First I want to describe what I consider to be the difference between “world building” and a story’s “setting.” If you’re creating a fantasy world, then you will almost certainly have to do a lot of world building. World building provides the framework for the settings that you’ll create for your story. World building is a high-level activity, even though it can get very detailed. Tolkien, for example, created entire languages as part of his world building.

Setting, on the other hand, is a low-level activity. It’s all about scenes, not about the overall story. Settings are intimate, personal and should contribute to the scene’s mood and overall purpose. Settings should engage the reader’s senses. The most impressive world building in the history of literature won’t make any difference if the story’s settings are drab, colorless and generic.

One way to try to create good settings is to follow the “cover every sense” rule, meaning you should give the reader a description of what the protagonist sees, hears, smells, touches and tastes. But this can be overdone too, and I’ve read a lot of books where every scene covers those senses in more or less the same order until I feel like I’m going down a checklist of senses.

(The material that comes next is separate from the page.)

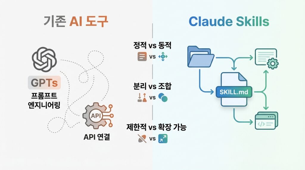 Skills의 핵심 개념을 이해하려면 기존 AI 도구 확장 방식과의 차이를 파악해야 한다. ChatGPT의 GPTs는 프롬프트 엔지니어링 기반이고, MCP(Model Context Protocol)는 외부 API 연동에 초점을 맞춘다. 반면 Skills는 폴더 기반 지시문 주입 방식으로, 절차적 지식과 조직 맥락을 Claude에 전달한다.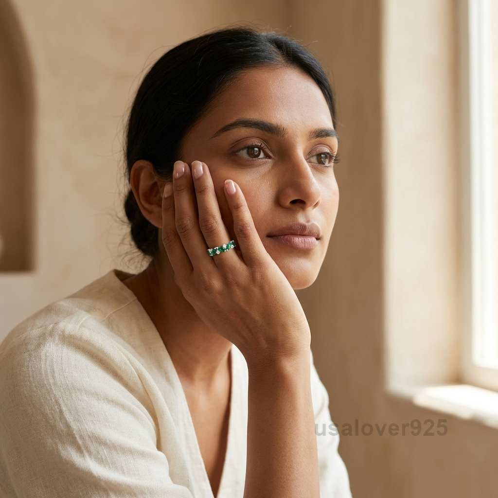 Make a majestic style statement with this Marquise Emerald and CZ Eternity Band. Meticulously handcrafted in 925 Solid Sterling Silver, this ring features a continuous circle of alternating marquise-cut green Emerald-toned stones and brilliant Cubic Zirconia. The unique “navette” shape of the stones allows them to catch light from every angle, creating a sophisticated and finger-flattering silhouette. Ideal as a vibrant May birthstone gift, a unique alternative wedding band, or a high-contrast stacking piece for your luxury jewelry collection.

My personal approach is to describe a scene in such a way that what the protagonist notices is what the reader notices. If there’s nothing worth mentioning about how a room smells, there’s no point in trying to make something up just to hit that sense and mark it off your list. In fact I believe that tends to break the spell the writer is trying to create because the writer is forcing things at that point, and whenever the writer forces anything, there is a risk that the reader will notice. When the reader notices the writer is involved, the spell of immersiveness is easily broken, and anything that breaks immersiveness gives the reader a chance to put the story down and do something else.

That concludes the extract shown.